The judgment came from the
Honorable Justice Sandil Kissoon of the Supreme Court of Judicature of Guyana in Collins v. EPA. Justice Kissoon determined that ExxonMobil
has failed to comply with the Financial Assurance obligation stipulated in its environmental permit, and
that within the next 30 days, ExxonMobil as the parent company of the Guyana subsidiary must provide unlimited insurance coverage
to safeguard Guyana against the “grave potential danger and consequences to the State and citizens” of an oil spill occurring
in the absence of such financial assurances. Failure to comply with the court order would result in the suspension of the Company’s
environmental permit.
The
court also asserted manipulation by the company, and “found on evidence before it that ESSO Exploration and Production Guyana
Limited [the ExxonMobil subsidiary] was engaged in a disingenuous attempt which was calculated to deceive when it sought to dilute its
liabilities and settled obligations stipulated and expressed in clear unambiguous terms” of the environmental permit.
The decision
affirms that the parent Company’s obligations under the environmental permit require it to assume unlimited liability for all
costs of “clean up, restoration and compensation for any damages caused by a discharge or any contaminant.” The Court noted
the existing guarantee to the extent of $2 billion “does not fulfill the obligation” of the permit or even what is “considered
environmental liability insurance as is customary in the international petroleum industry.”
The Supreme
Court of Guyana also criticized the lack of enforcement of these terms by Guyana’s EPA that placed Guyana “and its people
in grave potential danger of calamitous disaster.”
For
the Company to provide an unlimited Parent Company Guarantee Agreement to Guyana clarifies the scope of material liabilities that could
fall upon ExxonMobil from these operations.
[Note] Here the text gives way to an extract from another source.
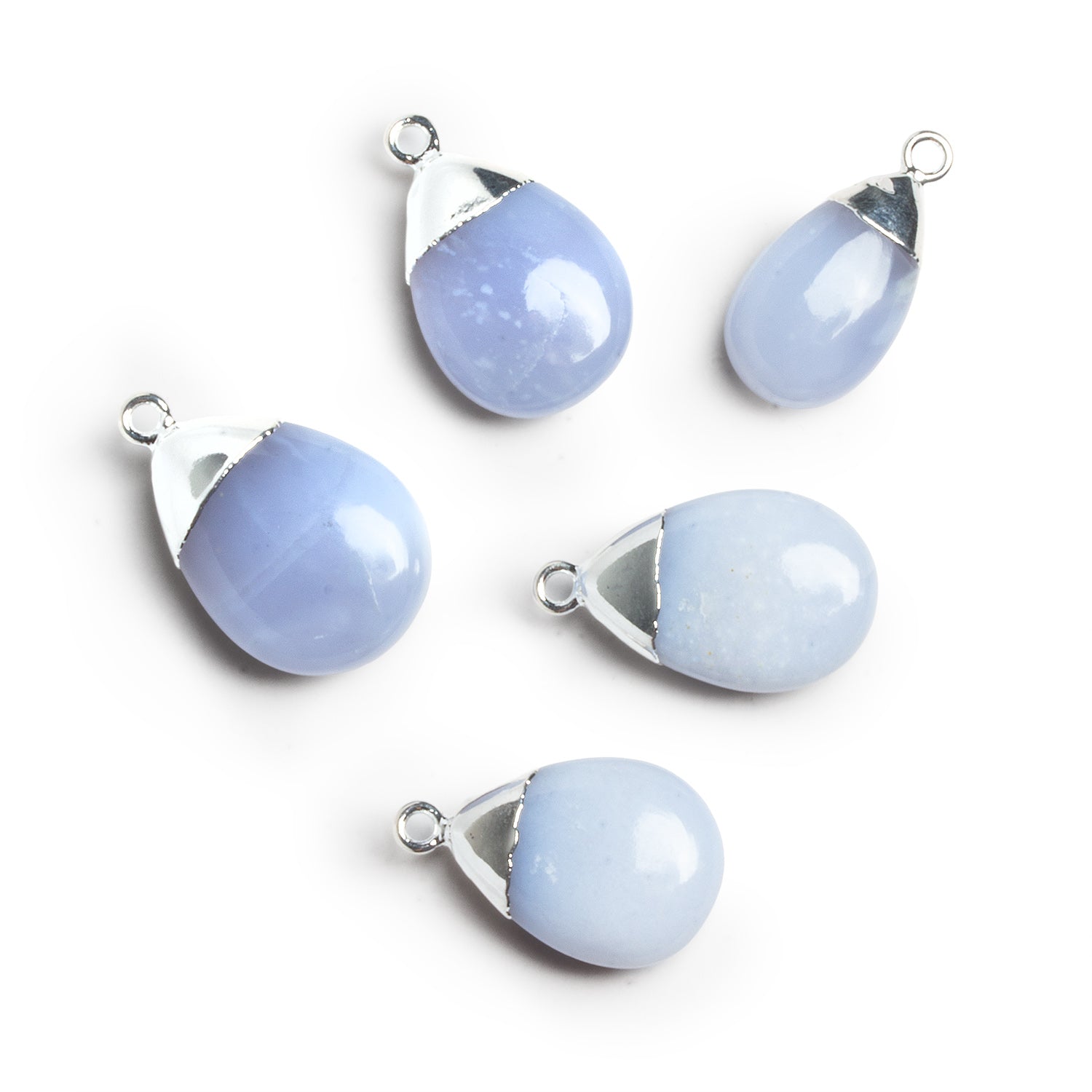 This natural Chalcedony pear pendant features a soft, clouded blue tone with gentle translucency and a smooth, polished surface that highlights the stone’s serene, luminous quality. Measuring approximately 24x15mm, the generous pear shape creates a graceful, substantial focal with a calm visual presence. Natural variations within the Chalcedony add subtle depth, ensuring each pendant is one of a kind.

For comparison, estimates suggest the BP Macondo oil spill has cost BP and its drilling
partners at least $71 billion to mitigate the disaster’s effects.1
Even this figure may continue to increase over time, as the company’s settlement with individuals who filed medical claims immediately
after the accident could cost BP well into the future, with more recent lawsuits filed by hundreds of individuals with late-occurring
health effects still pending.2
1
https://www.nola.com/news/business/bp-and-its-partners-have-spent-71-billion-over-10-years-on-deepwater-horizon-disaster/article_ca773cc0-80f4-11ea-8fbe-ffa77e5297bd.html#:~:text=BP%20and%20its%20partners%20have,%7C%20Business%20News%20%7C%20nola.com
2
https://www.nola.com/news/business/bp-and-its-partners-have-spent-71-billion-over-10-years-on-deepwater-horizon-disaster/article_ca773cc0-80f4-11ea-8fbe-ffa77e5297bd.html#:~:text=BP%20and%20its%20partners%20have,%7C%20Business%20News%20%7C%20nola.com;
See also, https://www.fox10tv.com/2022/07/08/12-years-later-bp-still-fighting-hundreds-lawsuits-over-deepwater-horizon-spill/
Ballot Item
Number 10 seeks disclosures that would allow investors to better evaluate the scope of potential liability associated with a worst-case
spill.
Asset managers and other
fiduciaries that seek to exercise due diligence in managing portfolio risks would be well advised to vote in favor of this proposal, bringing
into clearer transparency the potential costs and risks associated with a worst-case spill scenario in Guyana.
Therefore, we urge investors
to vote “FOR” on Ballot Item Number 10 on the Company’s proxy statement.
THE FOREGOING INFORMATION MAY BE DISSEMINATED
TO SHAREHOLDERS VIA TELEPHONE, U.S. MAIL, E-MAIL, CERTAIN WEBSITES AND CERTAIN SOCIAL MEDIA VENUES, AND SHOULD NOT BE CONSTRUED AS INVESTMENT
ADVICE OR AS A SOLICITATION OF AUTHORITY TO VOTE YOUR PROXY. PROXY CARDS WILL NOT BE ACCEPTED BY MERCY INVESTMENT SERVICES. TO VOTE YOUR
PROXY, PLEASE FOLLOW THE INSTRUCTIONS ON THE COMPANY’S PROXY CARD.